==== Provided material ====

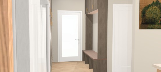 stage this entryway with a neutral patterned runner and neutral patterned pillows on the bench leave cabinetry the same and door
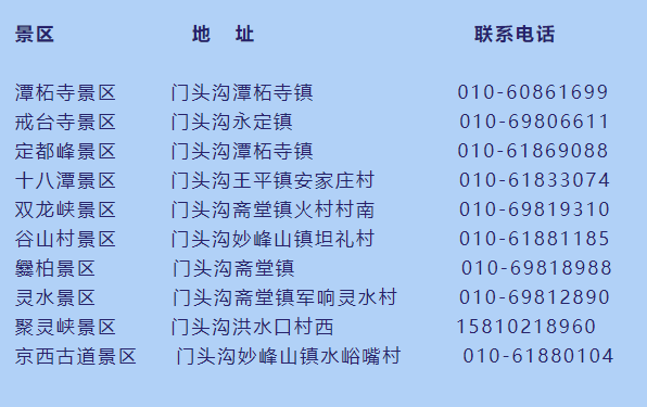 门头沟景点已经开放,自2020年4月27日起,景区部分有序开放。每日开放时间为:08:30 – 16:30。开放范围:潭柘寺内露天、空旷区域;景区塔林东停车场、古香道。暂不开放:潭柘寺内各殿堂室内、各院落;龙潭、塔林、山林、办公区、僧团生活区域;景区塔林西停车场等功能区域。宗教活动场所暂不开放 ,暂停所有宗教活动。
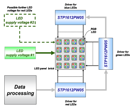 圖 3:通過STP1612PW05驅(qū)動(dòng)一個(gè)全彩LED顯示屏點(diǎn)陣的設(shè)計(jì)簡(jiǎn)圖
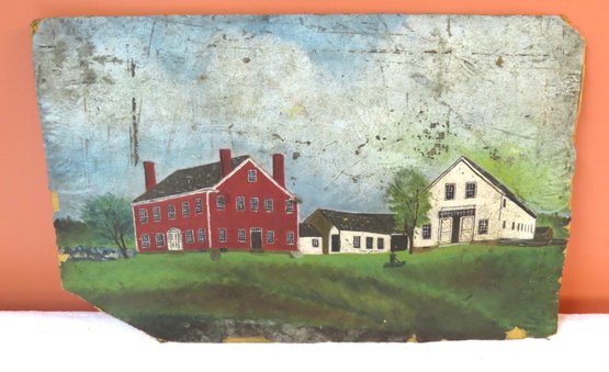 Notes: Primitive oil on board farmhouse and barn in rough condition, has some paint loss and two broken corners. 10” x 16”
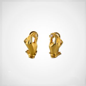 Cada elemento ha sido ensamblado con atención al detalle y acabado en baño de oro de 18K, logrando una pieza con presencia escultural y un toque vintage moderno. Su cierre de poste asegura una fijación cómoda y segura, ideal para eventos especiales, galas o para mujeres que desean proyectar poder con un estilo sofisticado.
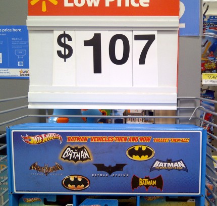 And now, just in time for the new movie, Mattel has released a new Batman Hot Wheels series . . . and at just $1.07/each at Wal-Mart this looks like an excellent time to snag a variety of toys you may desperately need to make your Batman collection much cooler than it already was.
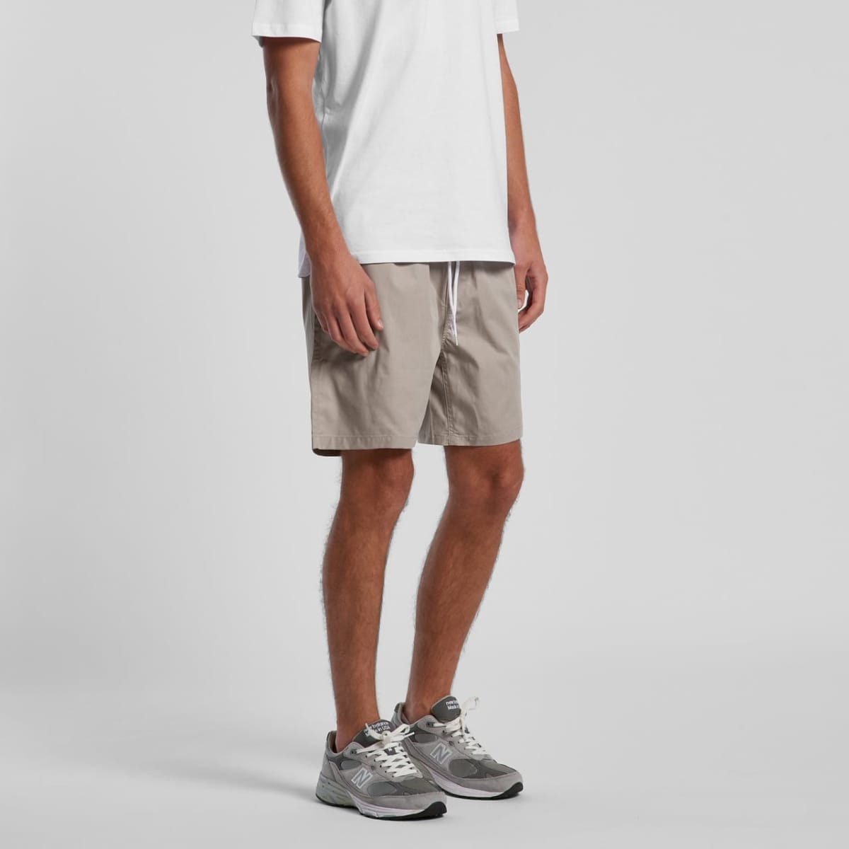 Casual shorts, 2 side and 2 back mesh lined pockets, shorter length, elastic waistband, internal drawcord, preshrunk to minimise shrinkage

====

Leaving every image behind, repeat the data in full and exactly.

▸ **The answer**
 stage this entryway with a neutral patterned runner and neutral patterned pillows on the bench leave cabinetry the same and door
 门头沟景点已经开放,自2020年4月27日起,景区部分有序开放。每日开放时间为:08:30 – 16:30。开放范围:潭柘寺内露天、空旷区域;景区塔林东停车场、古香道。暂不开放:潭柘寺内各殿堂室内、各院落;龙潭、塔林、山林、办公区、僧团生活区域;景区塔林西停车场等功能区域。宗教活动场所暂不开放 ,暂停所有宗教活动。
 圖 3:通過STP1612PW05驅(qū)動(dòng)一個(gè)全彩LED顯示屏點(diǎn)陣的設(shè)計(jì)簡(jiǎn)圖
 Notes: Primitive oil on board farmhouse and barn in rough condition, has some paint loss and two broken corners. 10” x 16”
 Cada elemento ha sido ensamblado con atención al detalle y acabado en baño de oro de 18K, logrando una pieza con presencia escultural y un toque vintage moderno. Su cierre de poste asegura una fijación cómoda y segura, ideal para eventos especiales, galas o para mujeres que desean proyectar poder con un estilo sofisticado.
 And now, just in time for the new movie, Mattel has released a new Batman Hot Wheels series . . . and at just $1.07/each at Wal-Mart this looks like an excellent time to snag a variety of toys you may desperately need to make your Batman collection much cooler than it already was.
 Casual shorts, 2 side and 2 back mesh lined pockets, shorter length, elastic waistband, internal drawcord, preshrunk to minimise shrinkage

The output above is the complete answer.